IMAGE: Research Notes

 

 



Finding the LEADERS

A Sac State program to identify urban school leaders appears to be hitting its mark.

The six-year-old urban leadership program already has a majority of its graduates in administrative and leadership positions. They include the first Hmong principal in California, a deputy superintendent in Boston, and three former students who were accepted into Harvard's superintendent's program, says program coordinator and Educational Leadership and Policy Studies professor Lila Jacobs.

Though the program requires a substantial commitment-classes meet all day, every Saturday for a year-it draws students from all over Northern California. And Jacobs has been asked to re-create the program in the Los Angeles area.

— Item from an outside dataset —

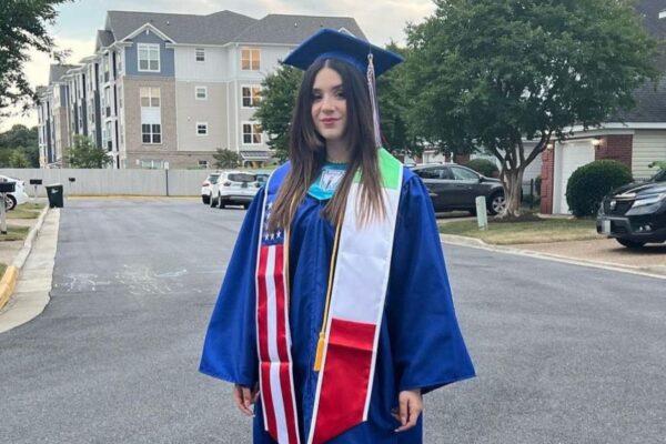 Nella foto inviata dalla famiglia, che ringraziamo per la disponibilità, Cristina in Virginia (Stati Uniti) dove ha proseguito e completato gli studi ottenendo il diploma IB (International Baccalaureate) bilingue in inglese e spagnolo con la lode

Students complete coursework leading to a preliminary administrative credential, and may continue on to a master's degree, while continuing to teach in their districts.

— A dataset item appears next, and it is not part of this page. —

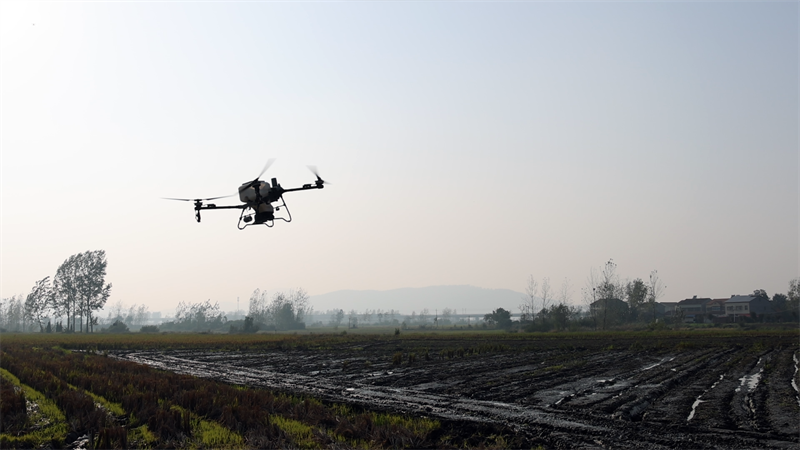 10月29日,在雷河镇官堰村油菜种植基地,农户们抢抓晴好天气播种油菜。与往年不同,今年当地农户选择无人机飞播方式进行播种。

A mixture of educators from Sac State and area school districts teach the courses. Coursework includes research, educational leadership, special education programs, legal issues, finance, supervision and evaluation, and school-community relations. The students also shadow an administrator who is a former graduate.

Urban leadership is designed for people who specifically want to serve urban areas, and many are drawn by their own school experiences. "We prepare students to be change agents," Jacobs says. "Many have experienced turnarounds in their own lives because of someone they identified with."

That may be part of the reason the students who enroll in the program tend to match the demographics—African American,
Latino, Hmong, Punjabi, Filipino—of the urban districts they serve. "Usually in urban districts there is a mismatch between staff and students," Jacobs says.